Exercise input:
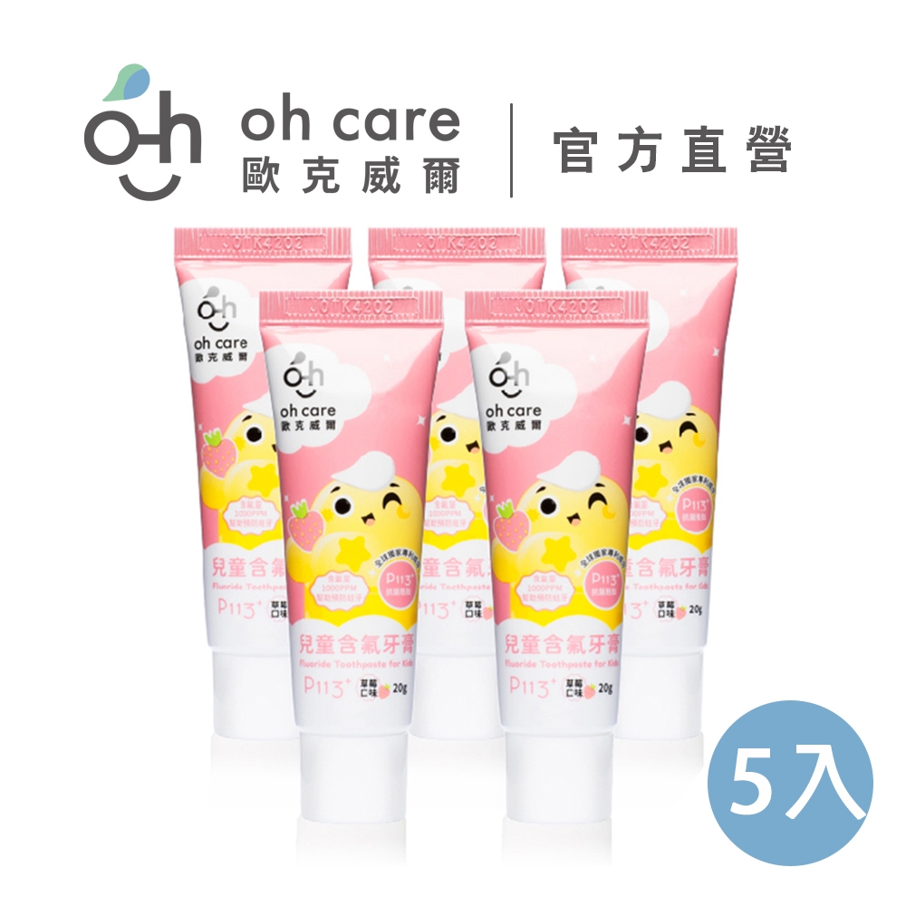 【oh care 歐克威爾】兒童含氟牙膏20g 5入組(草莓) |兒童牙膏 含氟牙膏 無氟牙膏 牙醫推薦 兒童牙膏
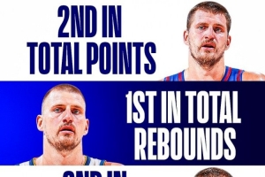 全能战士!约基奇过去5年总得分&助攻第2 总篮板&抢断第1
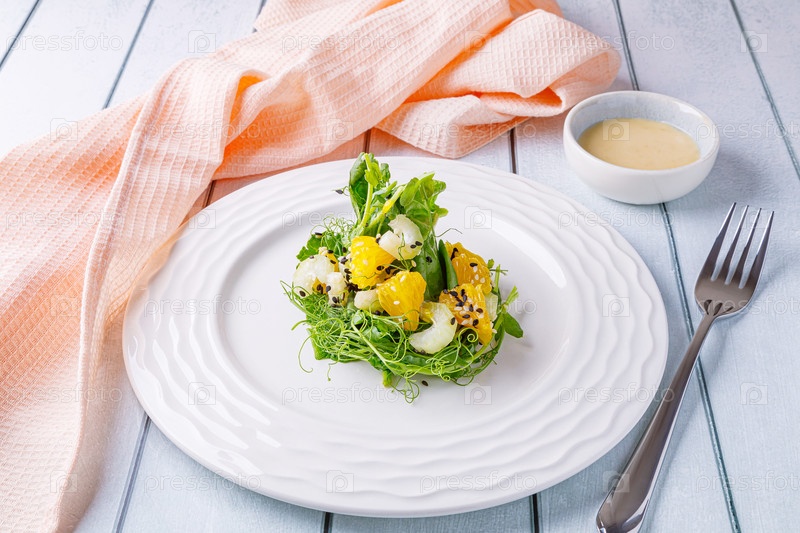 Салат с микрозеленью гороха, шпината, сельдерея, апельсина, семян кунжута и заправкой в тарелке на белом деревянном фоне
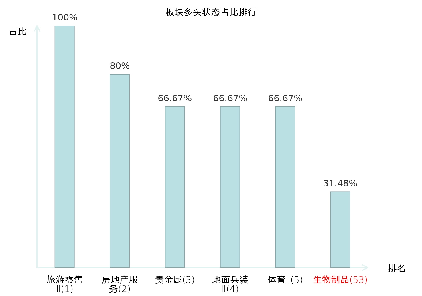 全市场所有行业板块中主力多头状态占比排名中,旅游零售Ⅱ板块位居第一。个护用品板块名次提升最快,较昨日上升70位。
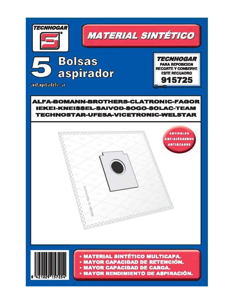 BOLSA ASPIRADOR 5 U. SOLAC-FAG - 915725

Task goal:
Set the listing down verbatim, excluding pictures.

Solution to this exercise:
 【oh care 歐克威爾】兒童含氟牙膏20g 5入組(草莓) |兒童牙膏 含氟牙膏 無氟牙膏 牙醫推薦 兒童牙膏
 全能战士!约基奇过去5年总得分&助攻第2 总篮板&抢断第1
 Салат с микрозеленью гороха, шпината, сельдерея, апельсина, семян кунжута и заправкой в тарелке на белом деревянном фоне
 全市场所有行业板块中主力多头状态占比排名中,旅游零售Ⅱ板块位居第一。个护用品板块名次提升最快,较昨日上升70位。
 BOLSA ASPIRADOR 5 U. SOLAC-FAG - 915725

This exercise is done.